Our ontology development involves three aspects: first, the design of the ontology structure, consisting of a set of related topics and subtopics in the relevant subject areas; second, populating the ontology with keywords; and third, classifying documents based on the frequency of keywords.
The mapping process can be seen as a problem of multi-class classification, with a large number of classes, and is achieved by relying on source-specific vocabularies and mapping techniques that also exploit (expert) knowledge about the structure of individual data sources. This is an iterative process, based on co-dependencies between data, topics, and the representation system. Our initial ontology derived from policy documents was enriched and customised, based on the outcome of the matching process and expert assessment of the results. Eventually, the original ontology classes may also be adapted based on their distinctiveness in terms of data items. Such a staged approach, distinguishing between core elements that are stabilised (the ontology classes) and elements that are dynamic and can be revised (the assignment of data items to classes), is desirable from a design and user perspective. Therefore, the approach is flexible, for example to respond to changes in policy interests (see "Discussion and conclusions" section), and to a certain extent scalable since new data sources can be integrated within the process. All three steps require some human intervention to define prior assumptions and to evaluate outcomes, but they integrate automatic processing through advanced NLP techniques for the parts involving handling large data. The classification process is fully automated once the ontology is complete, so re-annotation can easily take place if the ontology is changed or new data is available.
Ontology design
The ontology is defined according to the two strands of KET and SGC. This has implications because there is inherent overlap, not only between these two domains, but also within them. For example, within SGC, the topics of energy and climate change are closely intertwined, while much current research on transport is connected with sustainability. While KET topics focus primarily on technological research, there are overlaps with the “social” topics of SGCs, which often require technological solutions. Therefore, a good structure is hard to define because it is not clear what level of precision is practical, and because these affect the implementation of the document-topic mapping. Moreover, as already discussed, the intrinsic vagueness of the notion of KETs and especially SGCs means that the topics are hard to define, and there is no gold standard against which to evaluate.
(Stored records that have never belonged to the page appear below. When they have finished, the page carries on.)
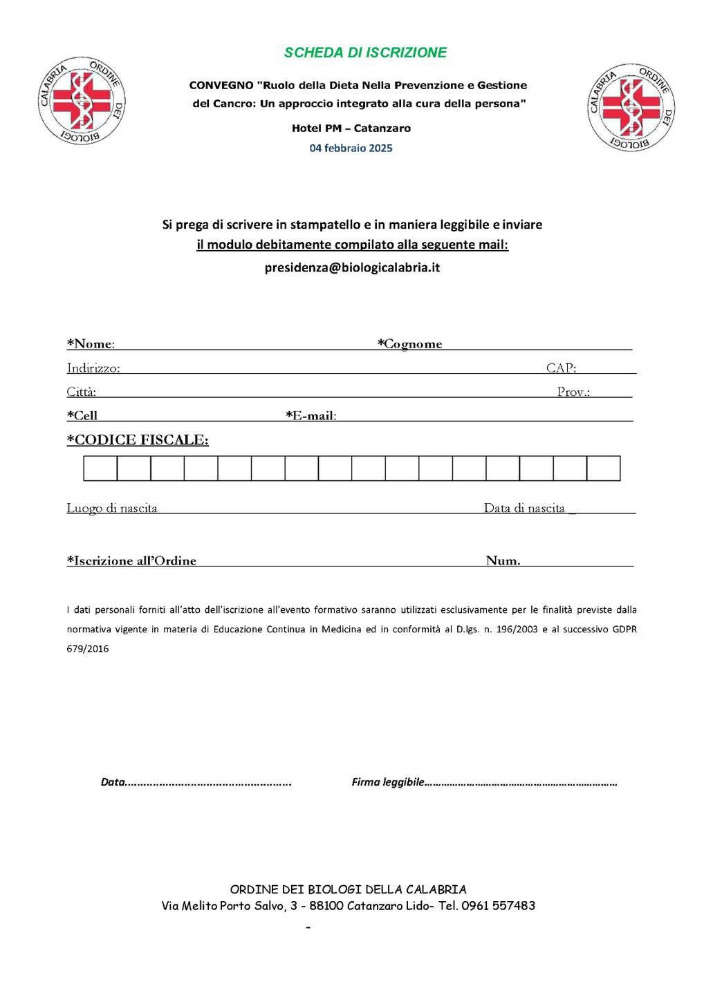 L’evento, gratuito e accreditato con 5 crediti ECM, è organizzato dalla Commissione Alimentazione e Nutrizione dell’Ordine dei Biologi della Calabria, in collaborazione con l’Associazione Biologi Nutrizionisti Calabresi (ABNC) e l’Associazione Italiana Biologi (AIB), con l’obiettivo di valorizzare un approccio multidisciplinare e integrato alla prevenzione e alla gestione della patologia oncologica.
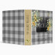 Rustic trendy farmhouse kitchen personalized cooking recipes organizer binder with vintage barn wood, black and white buffalo check gingham pattern, burlap, and yellow sunflowers botanical bouquets. ++++++++++ Personalize it with your monogram, name and text on front and spine! +++++++++ It can be a modern personal recipe cookbook for your kitchen, a family grandma's recipes collection, or a beautiful keepsake gift for bridal shower, wedding, birthday, Christmas, or for a chef.
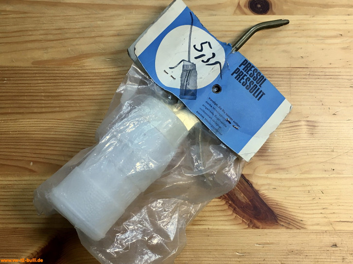 1963 wurde sie durch 150 ml Pressol Kunststoffflasche ersetzt im Katalogbildern auch erkennbar mit weißtransparentem Kunststoffschraubdeckel und Messingteilen. Ende der 90er bzw. bei HAZET 2005 dann ersetzt durch eine andere asymmetrische Form mit Red Dot Design Award von Pressol.
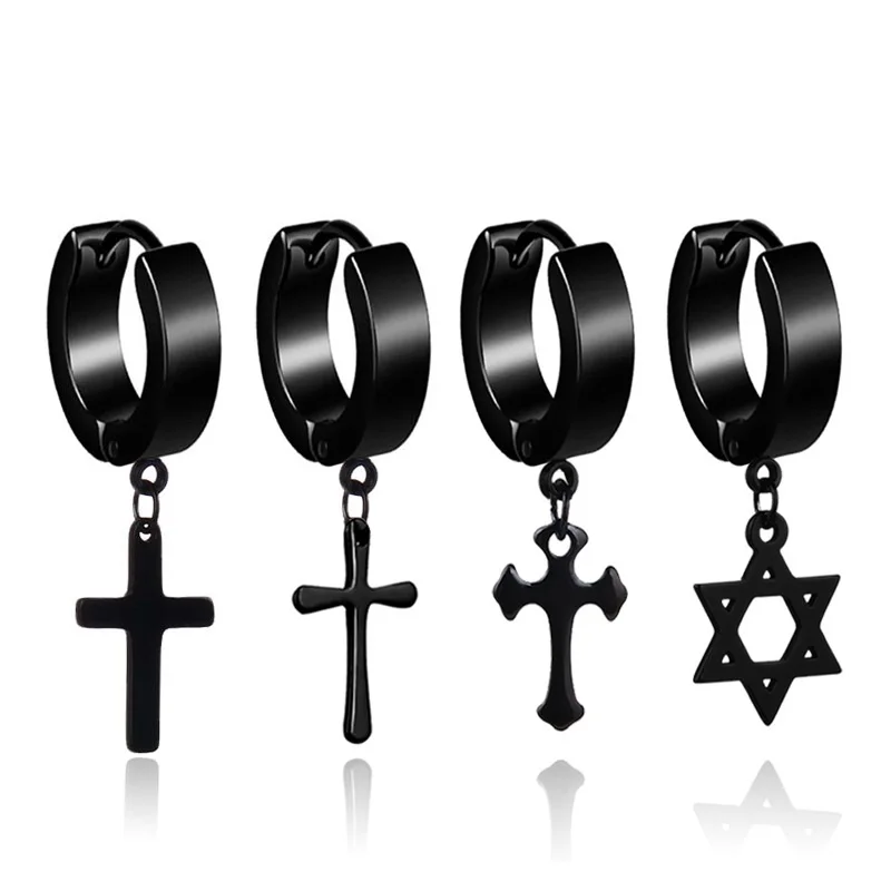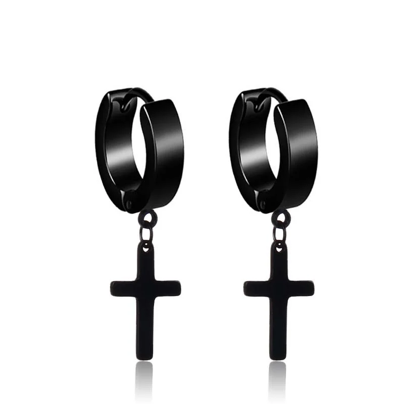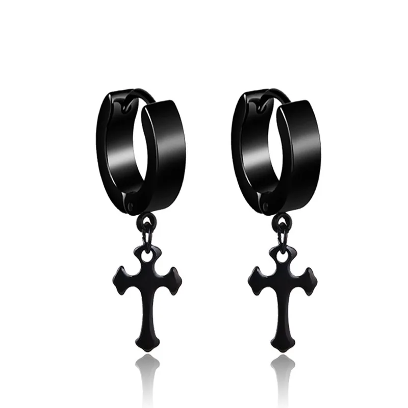 Серьги-кольца женские, мужские, из нержавеющей стали, с черным крестом

The structure must also be intuitive for human users to navigate, and this is perhaps the most challenging component. Ontologies must be dynamic: new terms and definitions continuously emerge from researchers and standardisation groups, while other terms may become irrelevant or replaced by more popular synonyms. This means that updating of existing ontologies is required, through reference to new documents.
We have attempted to mitigate these problems by consulting experts at every stage of the process, holding workshops with policy makers from a variety of fields. We take as a starting point some existing classifications, such as the mappings between IPC (International Patent Classification) codes and both KETs (Van der Velde 2012) and SGCs (Frietsch et al. 2016). For KETs, we also make use of the structure implemented in the nature.com ontologies portal (Hammond and Pasin 2015). Some of these topics are already connected to DBpedia and MESH, which provide an additional source of information for keywords. Linking with the nature.com ontology helps with mapping scientific publications, and enables future extension of the ontology to other topics. A collection was also made of relevant EU policy documents, which describe how the KETs and SGCs are structured (Maynard and Lepori 2017), followed by an iterative process of annotating documents and looking for missing topics.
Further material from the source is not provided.